━━ Stored data
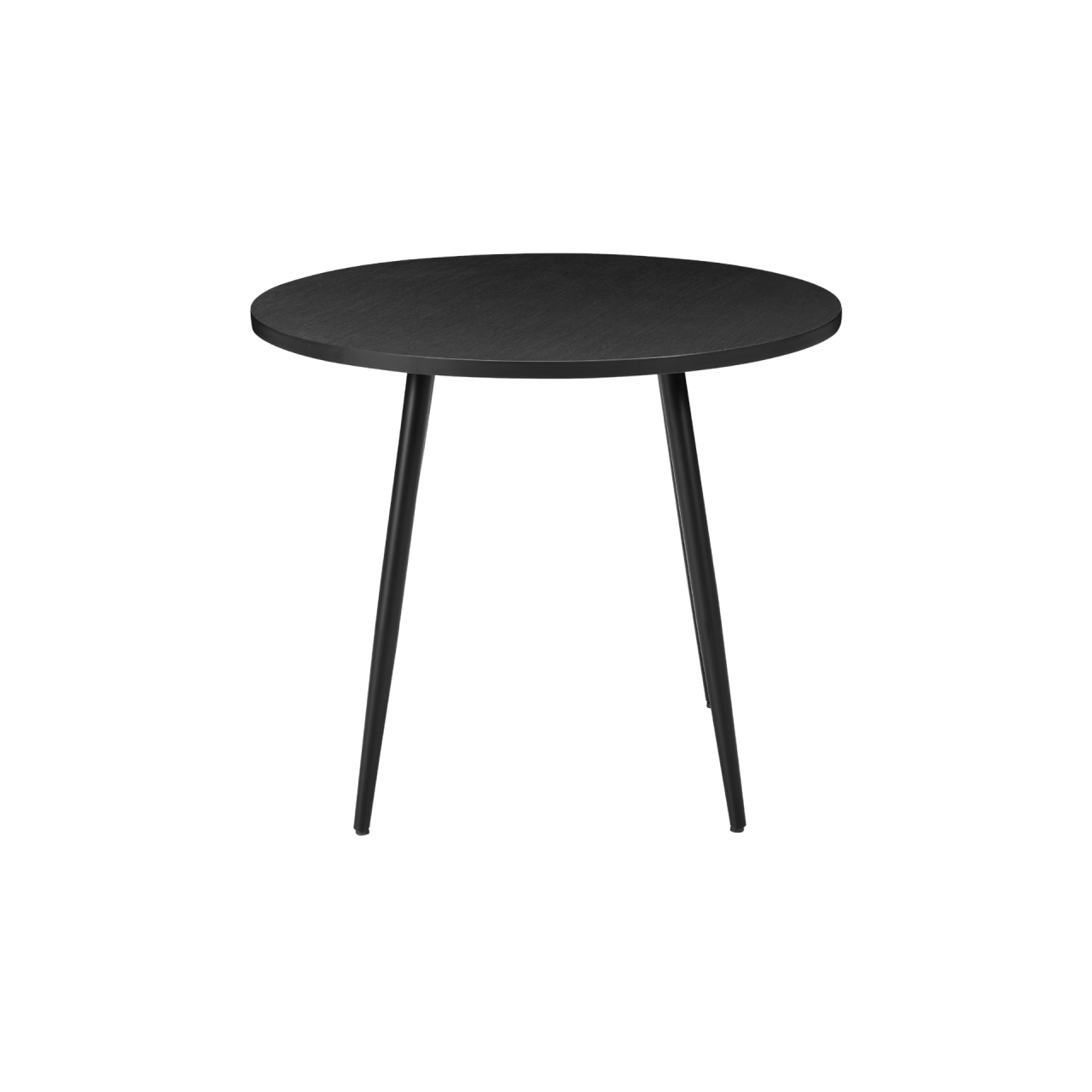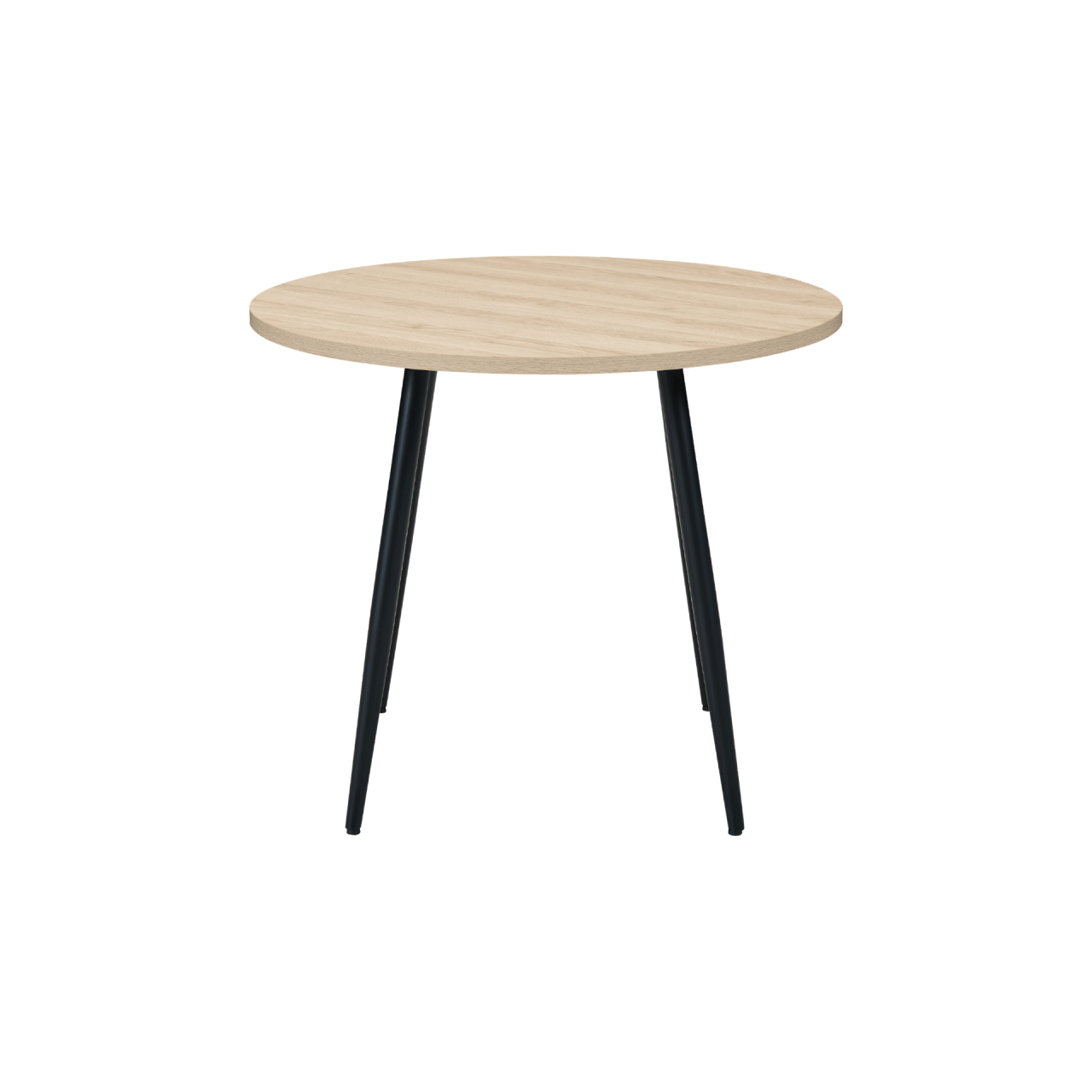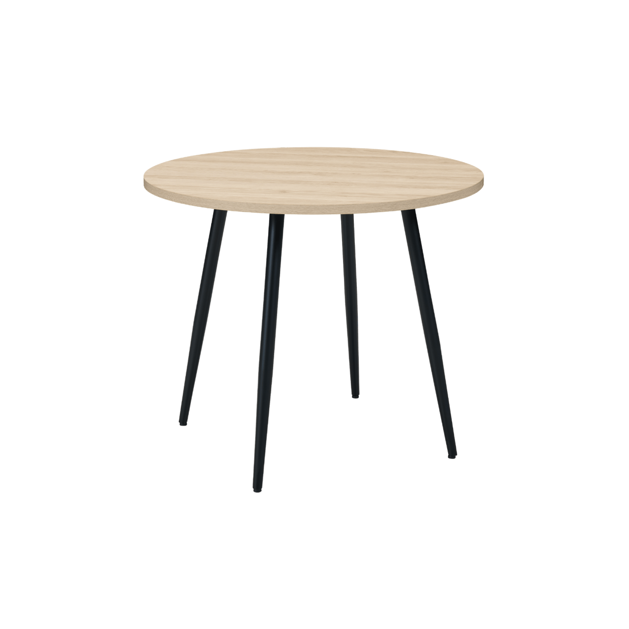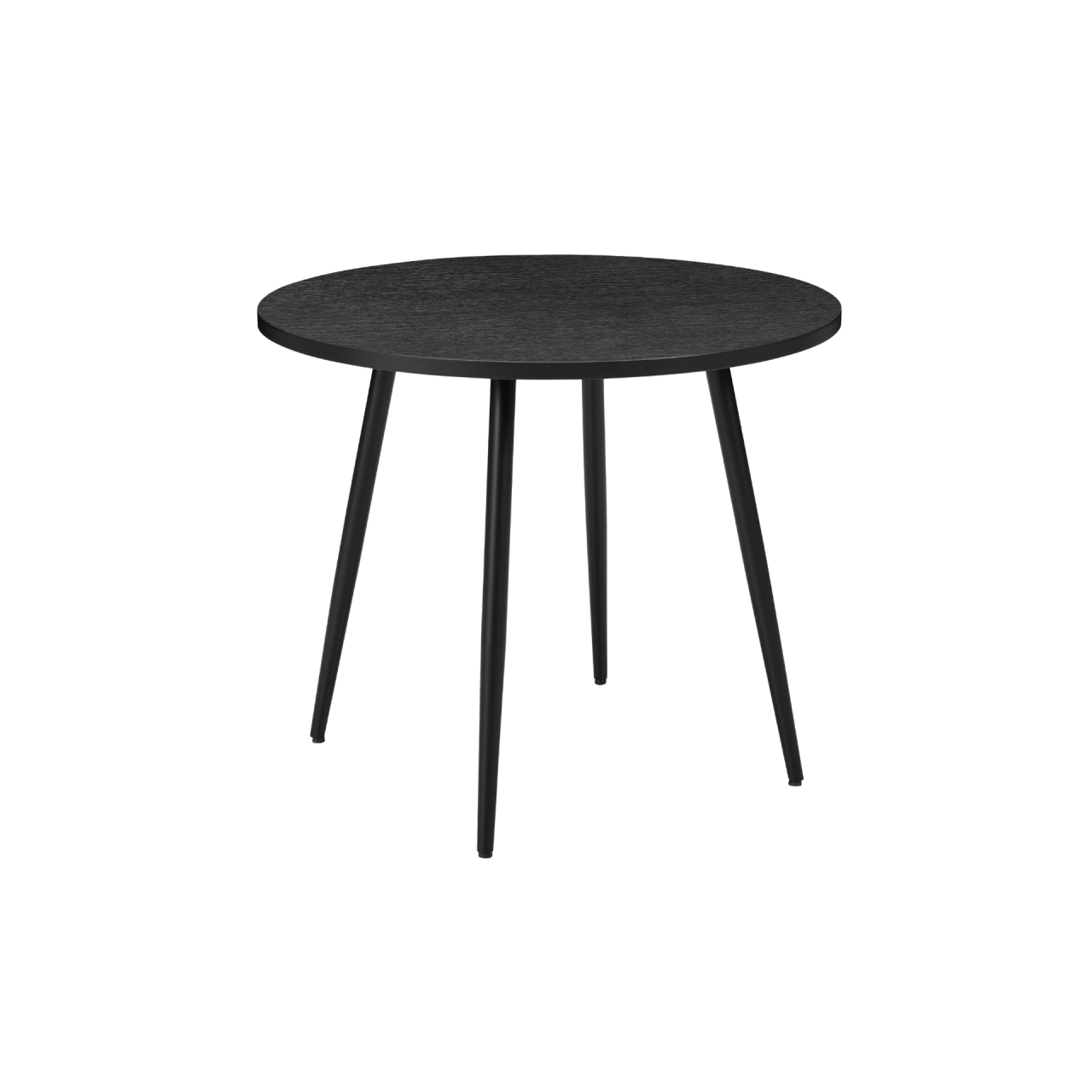 The Horizon Round Dining Table is a stylish, space-saving piece for compact dining areas and kitchens. Its woodgrain-effect tabletop brings warmth and texture. The sturdy, matt black metal legs provide a stable base, subtly tapering outward for a modern touch. Designed to comfortably seat up to four people, this table is a perfect blend of practicality and contemporary style. Crafted from durable, sustainable materials, it supports eco-conscious living.
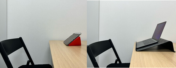 画面の角度を調整できるアイテムを使って、目線を上げられるように工夫しましょう。
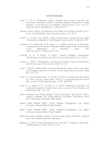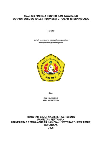 Nilamsari, Rini (2026) ANALISIS KINERJA EKSPOR DAN DAYA SAING SARANG BURUNG WALET INDONESIA DI PASAR INTERNASIONAL. Masters thesis, Universitas Pembangunan Nasional "Veteran" Jawa Timur.
━━━━
Copy the listing exactly, omitting pictures.

 The Horizon Round Dining Table is a stylish, space-saving piece for compact dining areas and kitchens. Its woodgrain-effect tabletop brings warmth and texture. The sturdy, matt black metal legs provide a stable base, subtly tapering outward for a modern touch. Designed to comfortably seat up to four people, this table is a perfect blend of practicality and contemporary style. Crafted from durable, sustainable materials, it supports eco-conscious living.
 画面の角度を調整できるアイテムを使って、目線を上げられるように工夫しましょう。
 Nilamsari, Rini (2026) ANALISIS KINERJA EKSPOR DAN DAYA SAING SARANG BURUNG WALET INDONESIA DI PASAR INTERNASIONAL. Masters thesis, Universitas Pembangunan Nasional "Veteran" Jawa Timur.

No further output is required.